Statue sculpted in Ancient Egypt 3,000 years acquired by the city of Leicester after Thomas Cook collapse - Leicestershire Live

https://www.leicestermercury.co.uk/news/leicester-news/statue-sculpted-ancient-egypt-3000-4348588

Statue sculpted in Ancient Egypt 3,000 years acquired by the city of Leicester after Thomas Cook collapse

The black, granite artefact was a gift to the Victorian tourism pioneer's son

A member of staff from New Walk Museum with the 3,000 year-old statue of Sethmose and Isisnofret
A statue sculpted in Ancient Egypt 3,000 years ago has been acquired by the city of Leicester for a new exhibition at New Walk Museum.

The black, granite artefact depicting the seated figures of Sethmose and his wife Isisnofret was a gift to the son of travel pioneer Thomas Cook, John Cook, in the late 19th century.

It has now been purchased by the city of Leicester and will take pride of place in the museum's Ancient Egypt Gallery when museums reopen later this year.

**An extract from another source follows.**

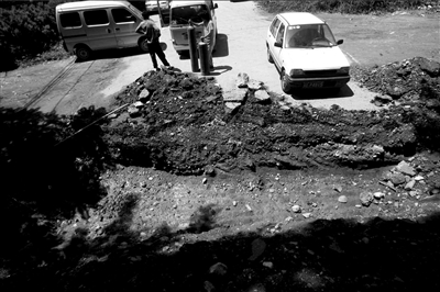 昨天下午,復地灣流匯別墅區門前,6米寬的柏油路被橫挖開一道近1米深的溝,10多輛車停在溝邊。住在別墅區一期的一位業主稱,此路于18日下午被挖斷,業主們只能將車停在溝邊后步行回家,正在裝修的業主則因道路不通而不得已停工,“也不知到底因為什么,但太霸道了”。

A spokesperson for Leicester City Council said the sculpture - dating from the end of the 19th dynasty, in about 1,200 BC – was put up for sale by administrators following the collapse of the Thomas Cook travel business last year.

They said: "The 2ft-high statue shows both figures wearing fashionable contemporary dress of the period, with the female figure wearing a close-fitting ankle-length garment and a tripartite wig – which divides the hair into three sections, with two sections draped over the shoulders at the front and the third arranged over the back.

"The male figure, Sethmose – whose titles included High Priest of Anhur and Sobek and Chief of the Harem of Sobek – also wears a wig and is dressed in a pleated kilt."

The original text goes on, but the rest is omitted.